▸ How to complete this task: Your task is to transcribe, word for word, the line containing "Holandský řízek s" and all lines that follow it to the end of the entries. Leave out the pictures.

▸ Stored data:
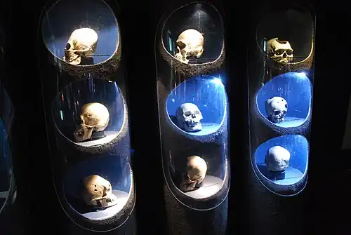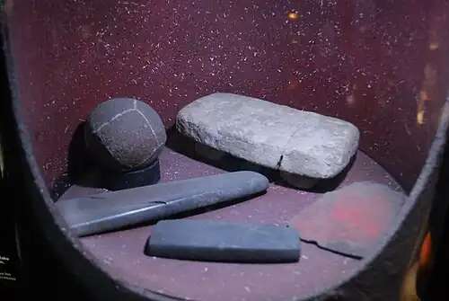The museum's facade is noted for its simplicity, as it shows only the access gate framed in quarry. The interior is small with only 7 permanent exhibition rooms.[3] Of the exhibition rooms, the Loma San Gabriel Stage room is of particular significance, as it depicts types of housing and instruments (estimated to be around 3,000 years old) from the Loma San Gabriel culture, perhaps the forerunner of the contemporary Coras, Huichols, and Tepehuanes who still inhabit Durango.[3]
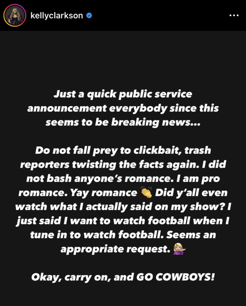 وكتبت كيلي كلاركسون قائلة عبر خاصية الأستوري:"أنا لم أهاجم رومانسية أي شخص… أنا مؤيدة للرومانسية... لقد قلت للتو أنني أريد مشاهدة كرة القدم، عندما أتابع مشاهدة كرة القدم.. يبدو وكأنه طلب مناسب".
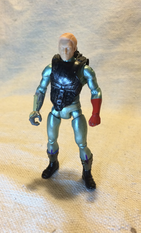 The head is cast by starwarsgeek.com. The Captain Atom right hand and lower legs were chopped off, replaced by the Sand Viper arm and Desert Claw boots. A hole was drilled in the back for the backpack peg.
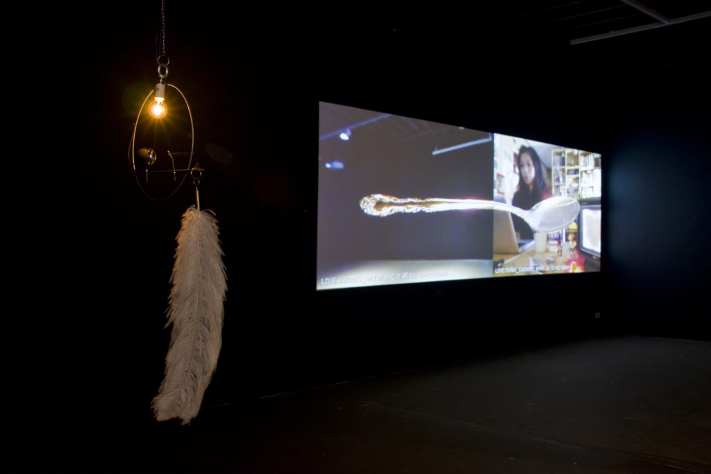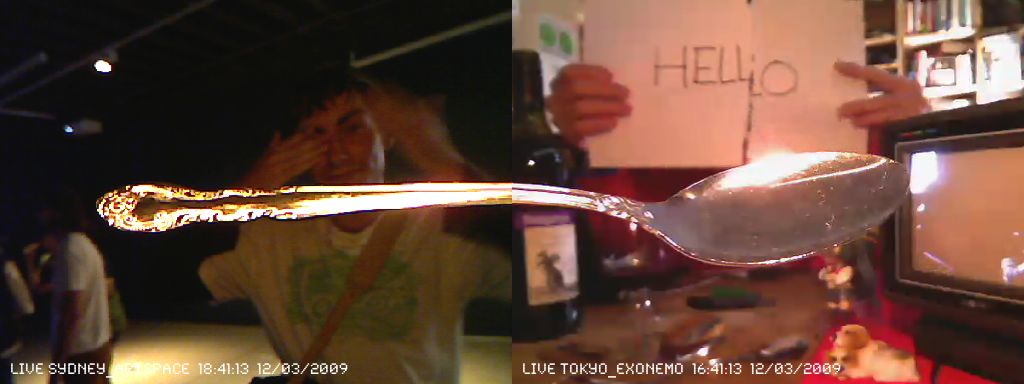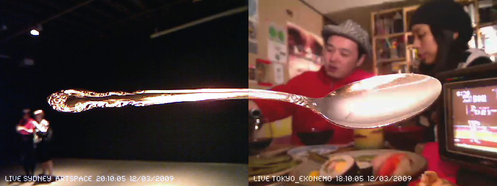 Supernatural connects a spoon, which has been divided as if by psychic powers (à la Uri Geller), by placing one half at the venue and the other at the artist’s home, and live streaming them side-by-side. Like the two pieces of the spoon, the two remote locations are reconnected using media technology in a “seemingly natural, probably supernatural” manner.
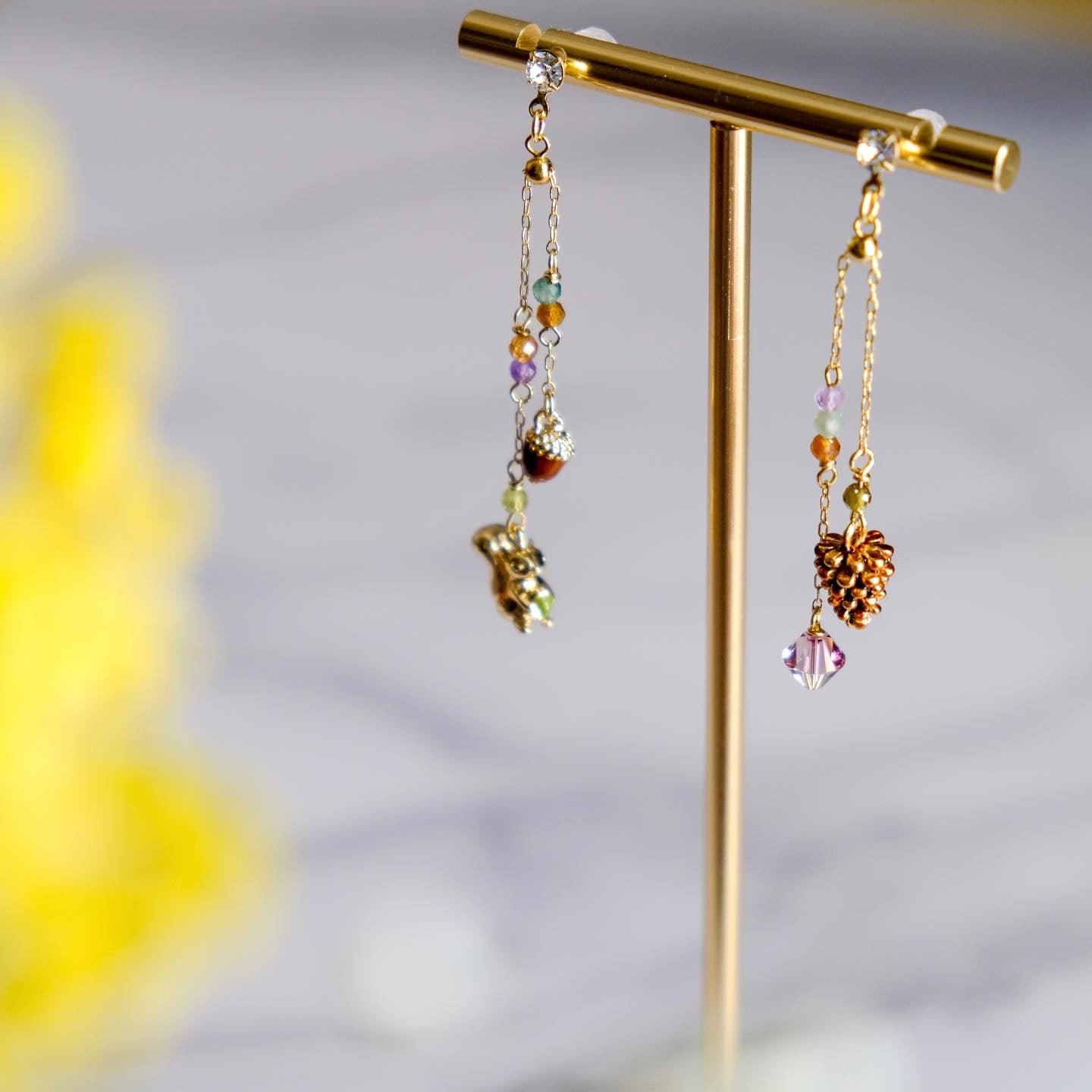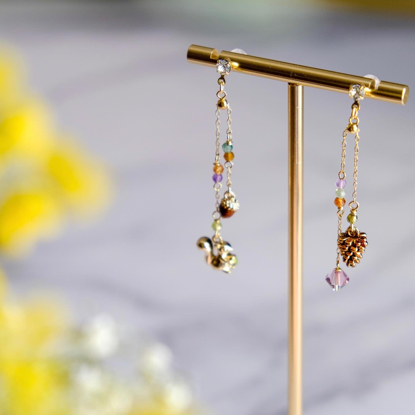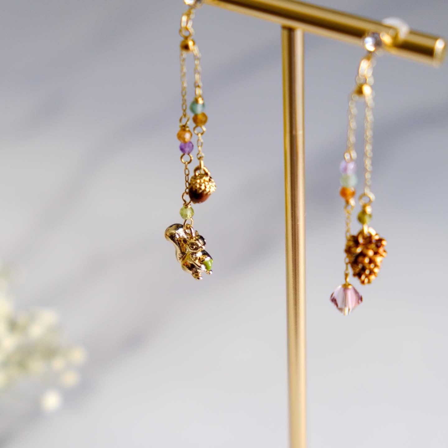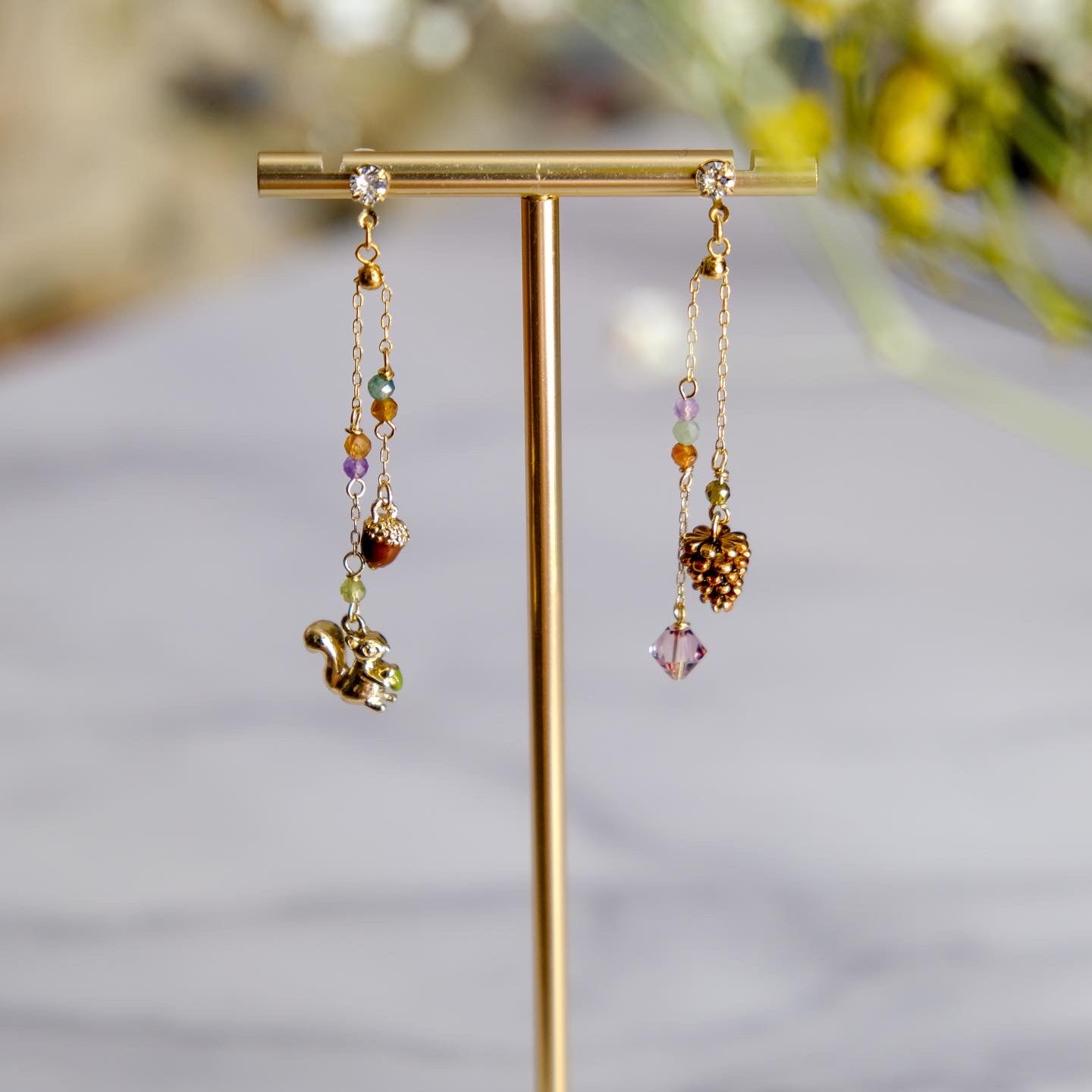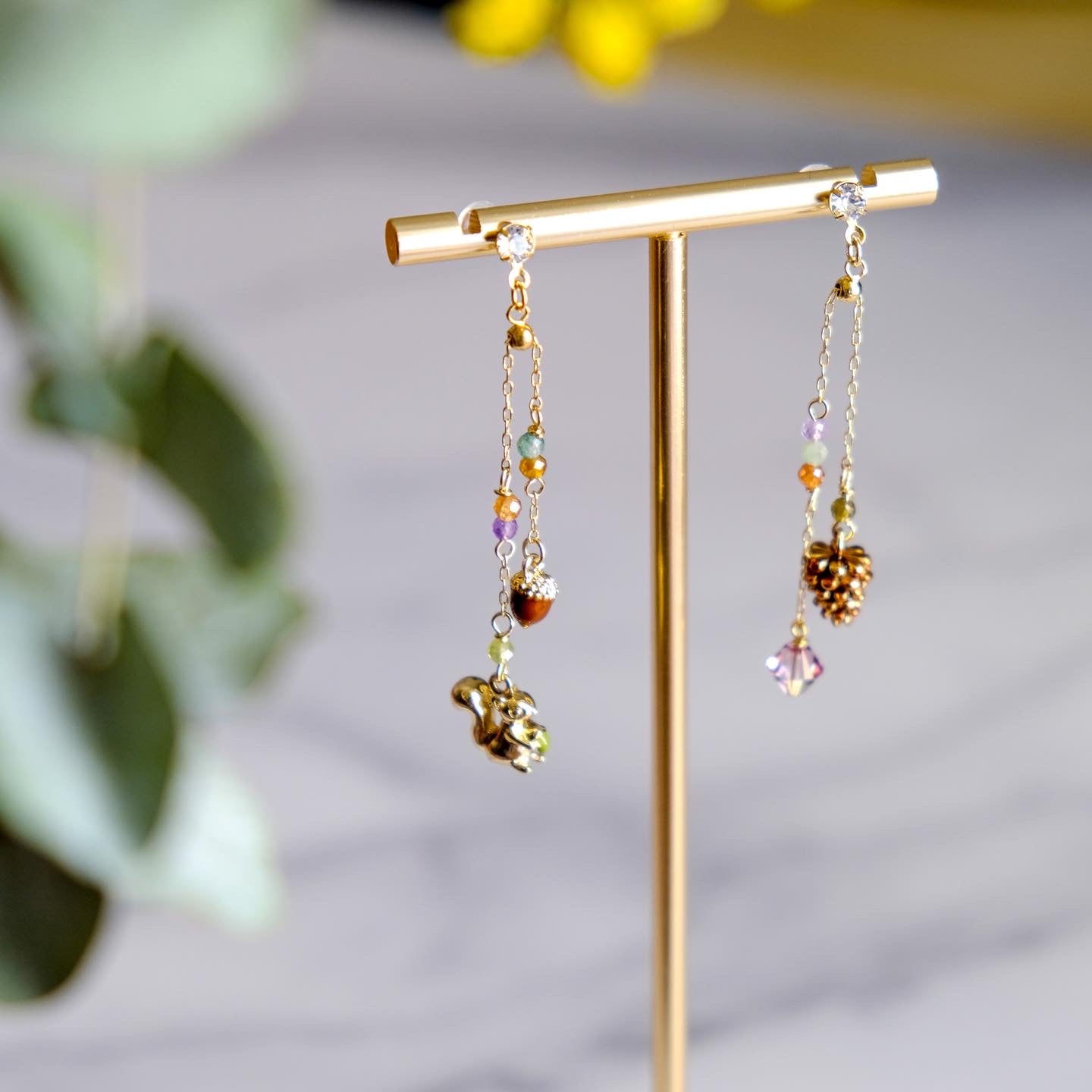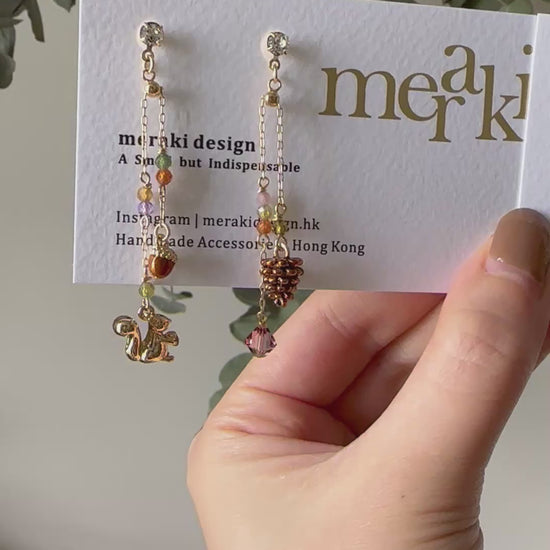 Squirrel and Pinecone Swarovski Crystal Drop Earrings
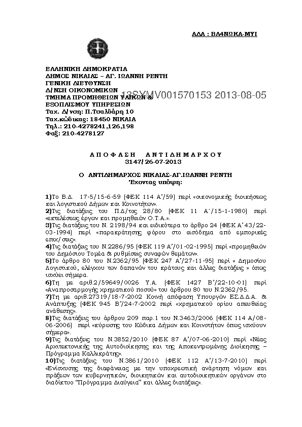 1. ΑΠΟΦΑΣΗ ΔΗΜΑΡΧΟΥ ΣΧΕΤΙΚΑ ΜΕ ΤΗΝ ΑΝΑΝΕΩΣΗ ΤΗΣ ΣΥΝΔΡΟΜΗΣ ΤΟΥ ΔΗΜΟΥ ΝΙΚΑΙΑΣ
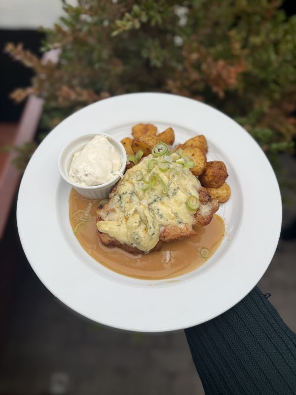 Holandský řízek s kousky goudy a čedaru, vařené brambory s petrželkou, tatarská omáčka
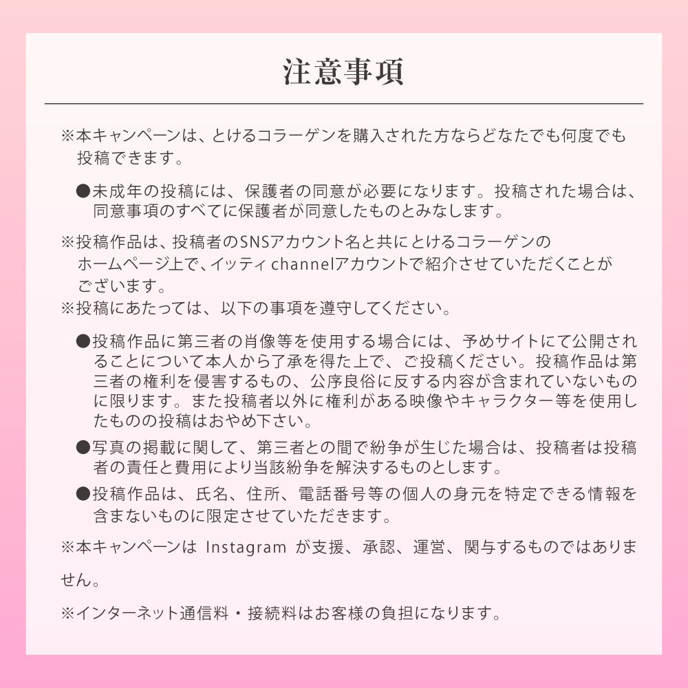 ④ハッシュタグ「#とけるコラーゲン」「#ぷるぷる美肌チャレンジ」「#韓国スキンケア」「#フェイスマスク」「#韓国コスメ」「#コラーゲン」「#アンチエイジング」を記載し、イッティchannel l(@itty_channel_)をタグ付けして投稿

▸ Your solution:
 Holandský řízek s kousky goudy a čedaru, vařené brambory s petrželkou, tatarská omáčka
 ④ハッシュタグ「#とけるコラーゲン」「#ぷるぷる美肌チャレンジ」「#韓国スキンケア」「#フェイスマスク」「#韓国コスメ」「#コラーゲン」「#アンチエイジング」を記載し、イッティchannel l(@itty_channel_)をタグ付けして投稿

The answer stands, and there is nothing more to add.